Hmm, parallel at the cell level...did you guys crack open those LG chem modules and make them parallel internally then? I thought they were 16s internally

_Yes, we have manufactured wire harnesses and PCB boards to be able to wire them in this configuration._

So instead of 16s at the cell level you guys rewired them to be something like 2p8s?

_We keep them 16S._

so now I'm confused because it sounds like they parallel at the cell level but they dont?

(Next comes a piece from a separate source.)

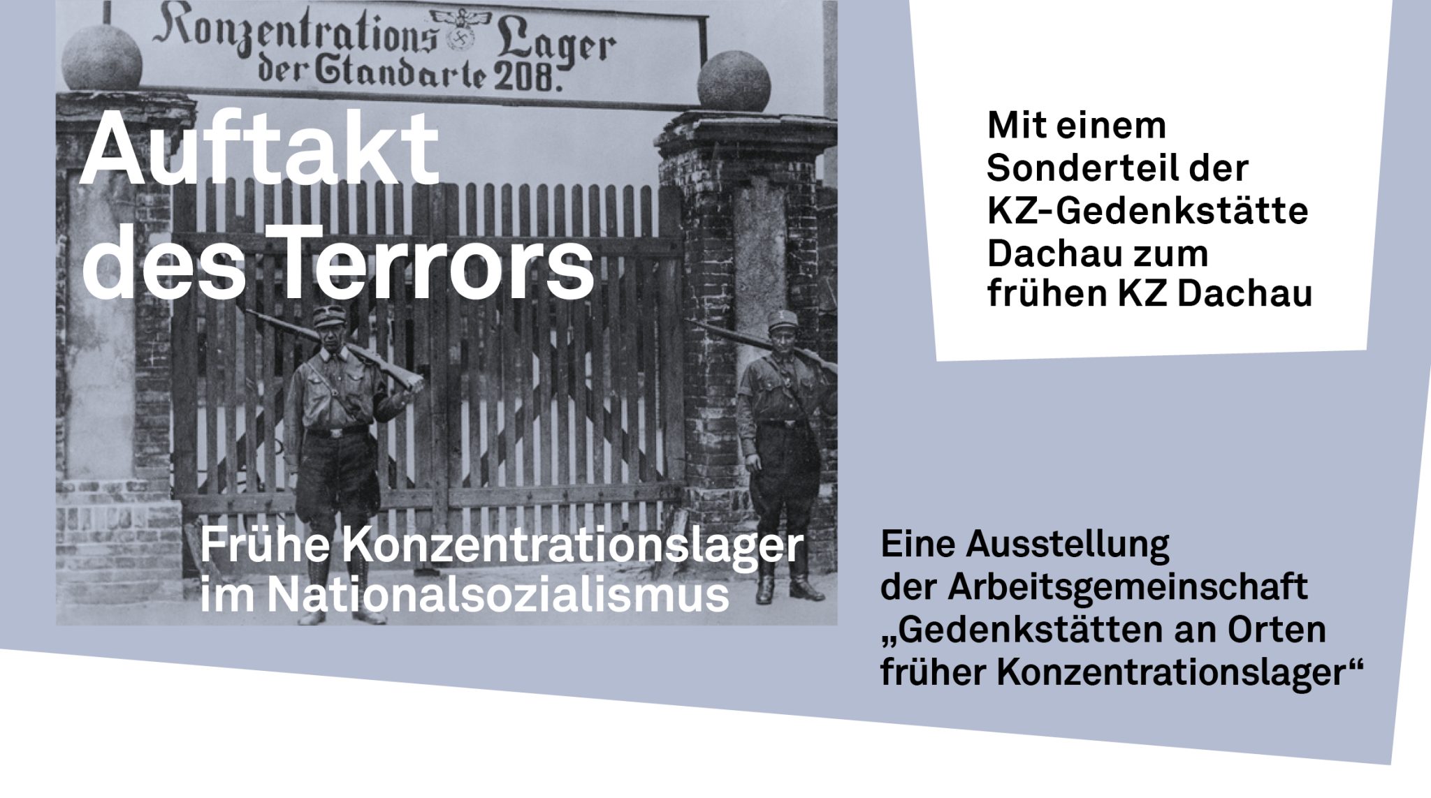 Welche Rolle und Funktion den frühen Konzentrationslagern in der Zeit des Nationalsozialismus zukam wird in der Ausstellung "Auftakt des Terrors" an elf Themenstationen beleuchtet. Anhand zahlreicher Biografien von Verfolgten zeigt sie auf, wie diese Lager zur Errichtung und Absicherung der nationalsozialistischen Herrschaft beitrugen. Den Ausgangspunkt bilden die 15 Lager, an die in den an der Ausstellung beteiligten Gedenkstätten erinnert wird. Sie stehen exemplarisch für die mehr als 90 frühen Konzentrationslager im Deutschen Reich. Ein Sonderteil stellt die Geschichte des frühen KZ Dachau als erstes bayerisches Konzentrationslager in den Fokus.

Or they do, but only by changing a pcb a harness


----------



## Megatron451 (Oct 9, 2020)

I'll take a guess here and say they left the internals of the battery 16S, but then used 12 of those batteries to make the 2P6S.


----------



## joekitch (Sep 13, 2013)

digikey scheme it to the rescue

ok so the concerns about long parallel strings is essentially this, 2p6s, but its two 6s strings in parallel










so the question is, does ev west literally just do this instead? 6 paralell strings of 2s? assuming this diagram is wired correctly for that










although i wonder what ev west meant by custom PCBs and harnesses for that


----------



## brian_ (Feb 7, 2017)

joekitch said:


> I was able to get a hold of EV west for more info on their pikes peak car, trying to figure out how they get around the long parallel strings problem with their LG chem modules.
> 
> Unfortunately I don't quite understand what it is they're doing, but here's how they describe it
> 
> ...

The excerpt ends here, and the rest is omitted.